Yesterday I took my mother to a regular check-up with her doctor. Nothing has changed. Aside from Alzheimer’s she is healthy. All her former complains (arthritis, costochondritis, GIRD) have been forgotten, and so they no longer trouble her. (Some insufferable Pollyanna’s would argue that this is a positive aspect of Alzheimer’s, but I would rather keep my aches and pains and still remember your name and why I loved Bob Dylan.) I have never before considered impacted earwax to be a medical event, but that was the main topic of our visit. I will spare you the details of my mother’s earwax and its removal. There will be no illustrations. Let’s just say that it was, for me, a uniquely appalling and disturbing experience. In order to calm my queasiness, I resorted to Wikipedia. (The efficacy of factoids as a means to allay anxiety is seriously underreported.) I learned that there are in fact two kinds of cerumen: moist and dry. Asians and Native Americans have dry cerumen, while Europeans and Africans have the moist kind. The difference could, possibly, be related to diet. This distinction has lately proved useful to anthropologists in studying the migrations patterns of Eskimos. Even mom’s doctor, who is an adept at cerumen removal, did not know this factoid. I am hoping she will share it with other patients. I look forward to cerumen classifications becoming Common Knowledge.

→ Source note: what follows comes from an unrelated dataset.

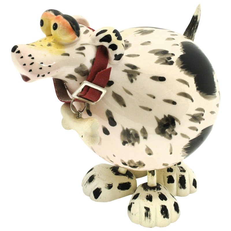 Фігурка білого пса з чорними цятками. Якщо трохи нахилити та відпустити, то Пес-позитив буде весело гойдатись та підстрибувати.

After the doctor’s appointment I took Mom to lunch at Mint, a lovely restaurant in Tarrytown owned by Hassan, who is Moroccan and charming and always gives me tastes of several cheeses. Mom assured me she had been to Morocco many times and spent time on the wide beaches there. She asked me how many children I have. The instant I answered, truthfully, that I have two, I regretted it. For years, I longed for a third child or even a set of twins, and now I can rewrite my history and have as many children as I like. I can name them according to my obsession of the week: Abelardo, Ishmael, Daphne and Hyacinth.

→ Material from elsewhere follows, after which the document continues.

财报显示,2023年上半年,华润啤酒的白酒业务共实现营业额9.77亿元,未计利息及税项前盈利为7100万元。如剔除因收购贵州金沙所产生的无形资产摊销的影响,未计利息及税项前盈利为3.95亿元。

The possibilities do not end with offspring. Since Mom daily asks me what I do, (Why are you leaving me? What are you doing?) it seems that this may well be my chance to have the careers I once imagined for myself but did not pursue, due to lack of talent or circumstance or living in the wrong century. My career as a professional Ping Pong player, for instance. It never got off the ground, off anything. But I dreamt of it. I dreamt that when the journals wrote about my exploits, they would call me Careening Christine, the Joan of Arc of Table Tennis. Then there was my vocation as a cartographer, back when maps were hand drawn and decorated with mythical animals. There are also my careers as a defrocked nun and a botanical explorer and an opera set-designer, all imagined, all unrealized.

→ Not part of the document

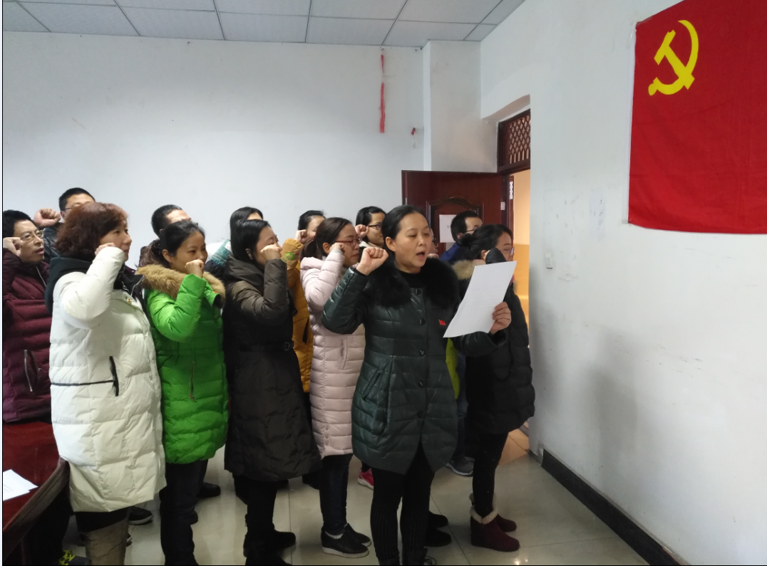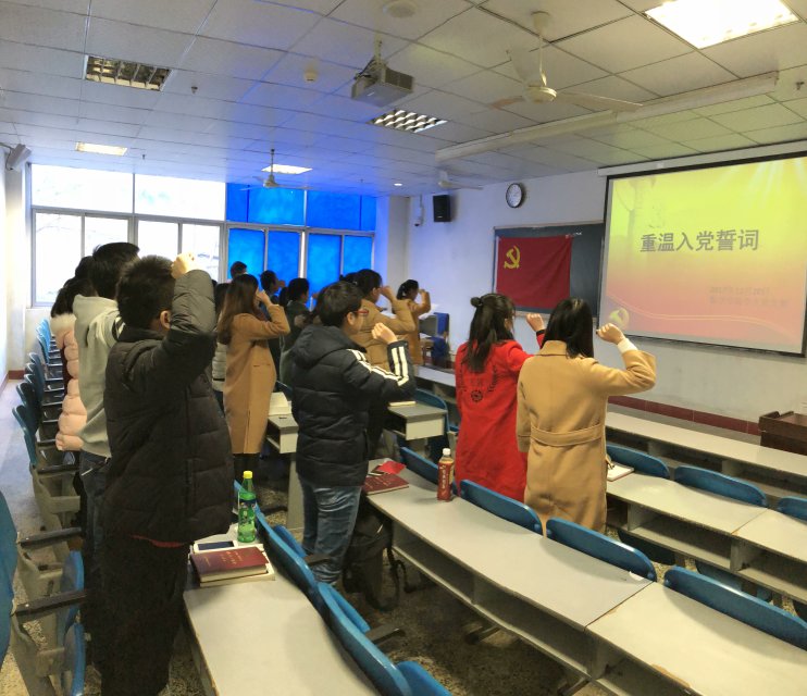 2017年12月20日下午3:00点数学学院学生党支部在三教503在支部书记魏贵玉、郭存存的带领下,全体党员面向党旗,以洪亮的声音,铿锵有力的再次宣誓,使每个共产党员不忘责任和使命,确保自己在思想上、行动上入党。

The next time Mom asks me what I am doing, and there will be a next time, because any question worth asking once is worth asking twenty times, if I do not tell her that I am mapping the newly created country of Surlandia, and then granting an interview to Sports Illustrated about my proprietary line of Ping Pong paddles made with sustainable tropical wood, I will have only myself to blame for my pedestrian and monochromatic life. Again.


1 comment:

Pond said...

A very timely post for me - I went to a concert last night of the a cappella group, Straight No Chaser. It was beyond fun. And my friend and I got to thinking about what a life in the singing business would have been like...assuming we ever had the requisite talent. Does the thrill of performing for an audience start to pale? Does it get old trying to recall which city you're in, so you can give a shout-out to the correct one? And what in God's name do you do when your parent needs constant attention and you are on the road in Albany or Portland?
Yet , I see now that I could tell Mom about my alternate made-up career and no one would be the wiser...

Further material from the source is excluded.